There are several Catholic converts from Southern Evangelical Seminary that did not, for one reason or another, have their stories included in Evangelical Exodus. Some were for personal reasons, but most were simply unavailable at the time, or had not yet begun or completed their journeys across the Tiber. Some of these converts have reached out to me since the book’s publication, and I have asked any interested to contribute to this blog in the same spirit as that of the book. I hope you enjoy the continuing stories of this Evangelical Exodus.

Questions About the Faith

glennsiniscalchiFormer SES student, Dr. Glenn Siniscalchi

When I started to attend the church in the Summer of 1999, it was disturbing to see how many believers seemed out of touch with the average person’s questions about the faith, especially given that for most of my life I was all too familiar with the secular world. So I started to pursue answers to many questions. Did God exist? What about other religions? One of my pastors recommended a few books, and I started to read them. My life started to change with ever increasing conviction and understanding.

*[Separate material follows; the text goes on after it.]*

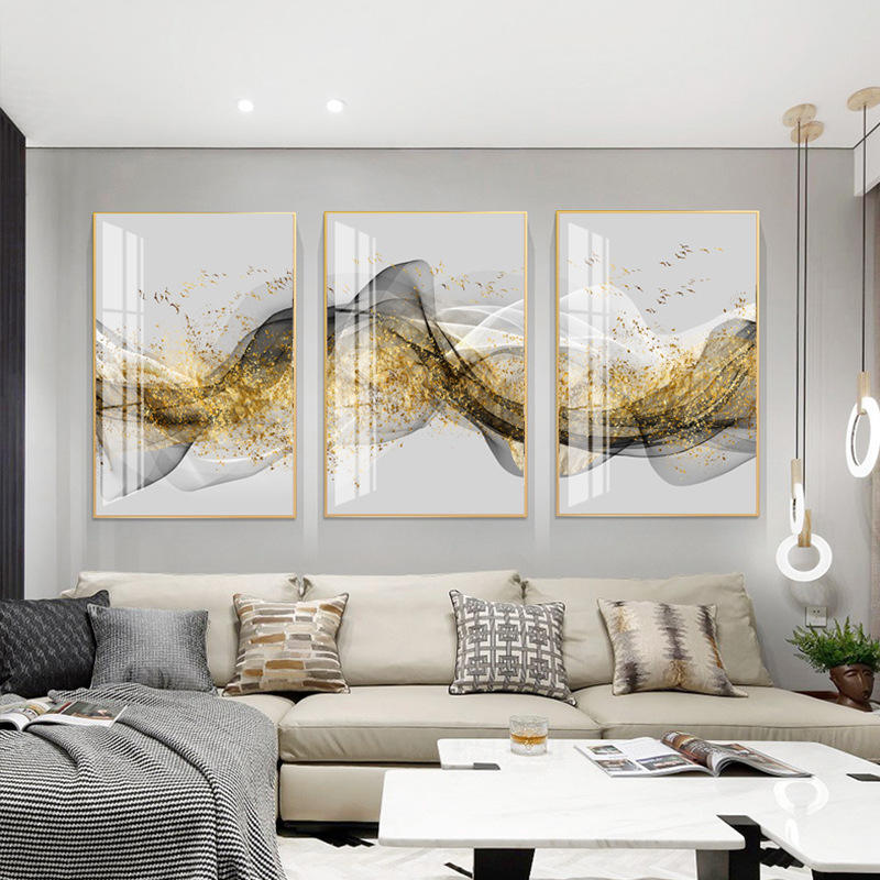 Arte de Pared Abstracto Dorado con Cinta, Paisaje, Naturaleza Muerta, Decoración del Hogar, Póster de Pájaros Volando, Pintura Minimalista de Porcelana de Cristal
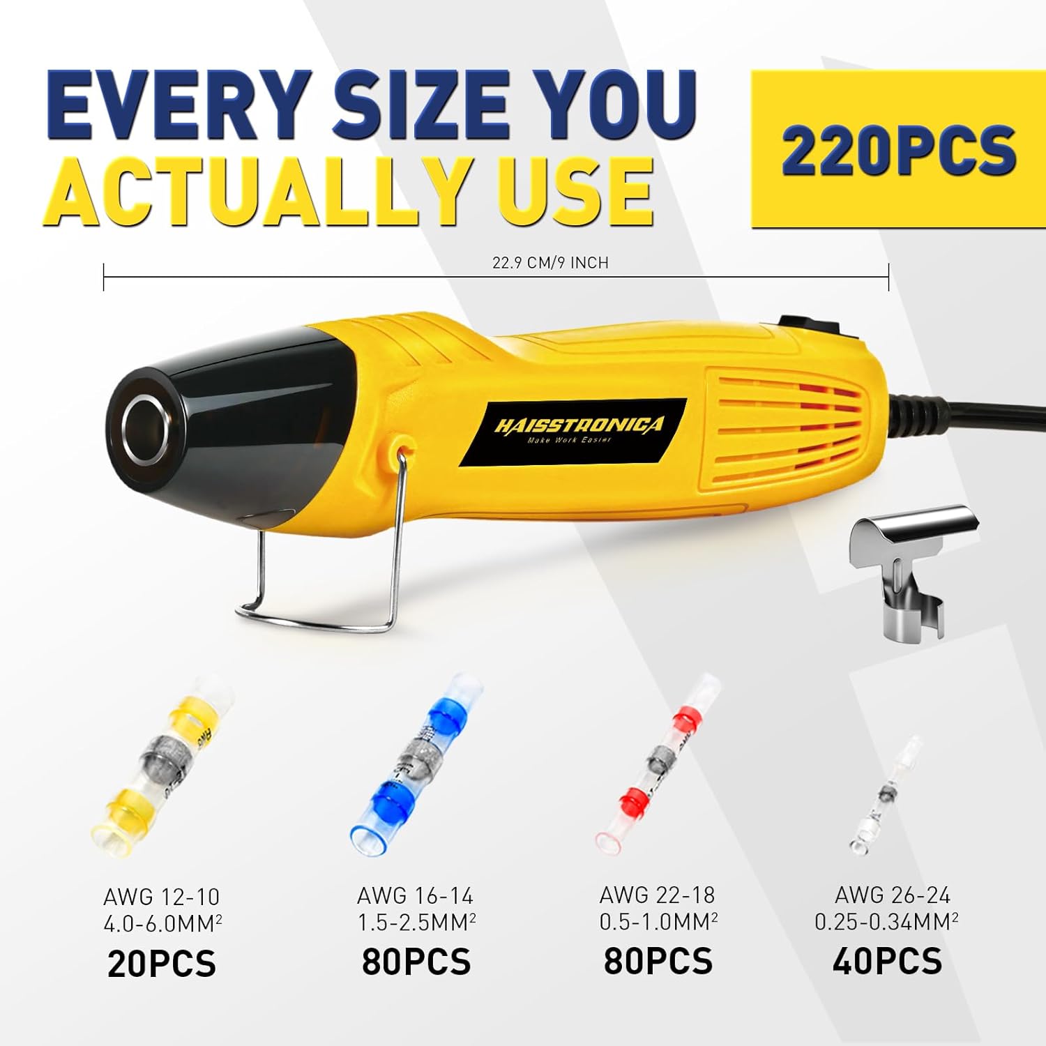 haisstronica 220 PCS Solder Seal Wire Connectors with Heat Gun Kit - Solder Sticks Wire Terminals Waterproof Electrical Connectors for Automotive, Marine, Wiring Repair

Because Southern Evangelical Seminary had developed a graduate program in apologetics, I moved to Charlotte, NC in 2001.

The only problem was that my research was leading me to conclusions that were more in line with the Catholic Church. Following my conscience, I left the seminary within two semesters, entering the Church during the Easter Vigil of 2002.

Let me list a few of the theological reasons why I could not remain a Protestant.

Protestantism’s Problems

First, the doctrine of “Scripture alone” did not square with the Scriptures. The New Testament writers were not trying to make a religious text, but were trying to address specific problems with certain audiences in mind. Moreover, the biblical authors often referred to information that exceeded their writings. So how was I supposed to access that untold information? Was that information essential to the life of faith? The biblical texts push the reader to go somewhere else to find out.

Second was the problem of biblical interpretation. How was I supposed to know the correct meaning of the Scriptures? And who had the God-given right to decide what Biblical truth was necessary and applicable for believers living today? Laypersons are not the only ones who disagree about the correct meaning of Scripture–so do Protestant scholars. Who has the final say on what counts as inspired Scripture? Protestants disagree with one another about the answers to these questions too.

Third, the doctrine of justification by faith alone was not biblically self-evident. What is evident is that Jesus, Paul, and the others could be interpreted in several plausible ways. The divisions within Evangelicalism confirm the point. My interpretation of the biblical doctrine of justification was consistent with the Catholic view. Strangely, many Biblical scholars in the Evangelical tradition often agreed with my interpretation.

Next are the liturgical practices of Eucharist and water baptism. In the New Testament both of these practices are central to the life of faith and performed with high esteem. After carefully reading the New Testament, who can honestly deny that? Who can deny the central role that Eucharist and baptism have played throughout the life of the historic Church? Once again, many contemporary Evangelicals did not afford these practices with the respect that they deserved. In most Evangelical versions of Christianity, these practices were merely decorative and dispensable. This was out-of-sync with other plausible readings of Scripture and the history of Eucharistic practice and devotion.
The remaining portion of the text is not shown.